This study investigates the presence of left-wing extremism on the Lemmygrad.ml instance of the decentralized social media platform Lemmy, from its launch in 2019 up to a month after the bans of the subreddits r/GenZedong and r/GenZhou.
We conduct a temporal analysis on Lemmygrad.ml’s user activity, with also measuring the degree of highly abusive or hateful content. Furthermore, we explore the content of their posts using a transformer-based topic modeling approach.
Our findings reveal a substantial increase in user activity and toxicity levels following the migration of these subreddits to Lemmygrad.ml.
We also identify posts that support authoritarian regimes, endorse the Russian invasion of Ukraine, and feature anti-Zionist and antisemitic content.
Overall, our findings contribute to a more nuanced understanding of political extremism within decentralized social networks and emphasize the necessity of analyzing both ends of the political spectrum in research.
As far as I can tell, this isn’t even peer reviewed.
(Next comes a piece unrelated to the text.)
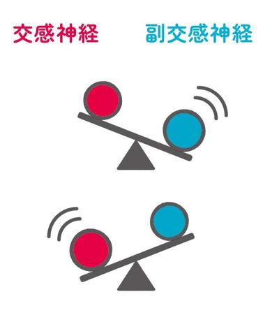 交感神経と副交感神経は、その時の状況に応じて切り替わり、一方が優位に働くと一方が下がるといったシーソーのような関係です、両方がバランスよく働くことでよい体調を維持できます。バランスが乱れ、機能が低下すると「ダルオモ」になったり、体調を崩したりします。

it’s not, it’s on arxiv because they will publish anything. It has upsides and downsides. They only seem to publish on arxiv, I wonder why these papers don’t show up anywhere else lol. Also one of them got a 10,000$ (or 40,000, idr) grant from their universities some time back to do this kind of “research”
Western prestige universities are neoliberal ideology factories pumping out dipshits like these and death machine engineers. Their ghoul donors pay billions for them to churn out shit like this
Only because the authors are peerless.
It was presented at a conference in Copenhagen and so was surely peer reviewed.
Peer review is garbage.
Sorry to be pedantic. I don’t believe that all conferences are peer reviewed. Gosh, maybe many or most are? Also I thought the peer review for a conference was much more lax. Maybe you know something I don’t know?
You’re right that peer review is problematic AF. I just find with science articles, it’s a good quick rule of thumb is decision on whether something is worth considering deeply.
Sorry that reply was much longer than I expected.
The laxity of peer review depends on the field and which set of nerds the paper or conference organizers could cobble together. In many fields, particularly those heavy on math, conferences are more prestigious than journals most of the time. They all meet up a few times per year to compare notes, basically.
This was presented at a peer reviewed conference. Who knows how careful they were, but the entire subfield of social media analysis is a joke so it doesn’t get much better than this. Just more obfuscatory.
PS in science it’s also still garbage. So many reviewers put no effort in, have pettu grievances, are jealous of the work and hypercriticize it, or, most commomly, suggest you cite their own papers lest you be “unaware of seminal research on this topic”. Passing peer review is not much of a filter, either. P-hacked garbage is rampant.
The real review of peers is when others try to build practically on published work. If it is truly wrong, they will fail and the field will eventually realize this. Most publications are ignored or not used meaningfully by others. They just pad resumes and end up on grant applications.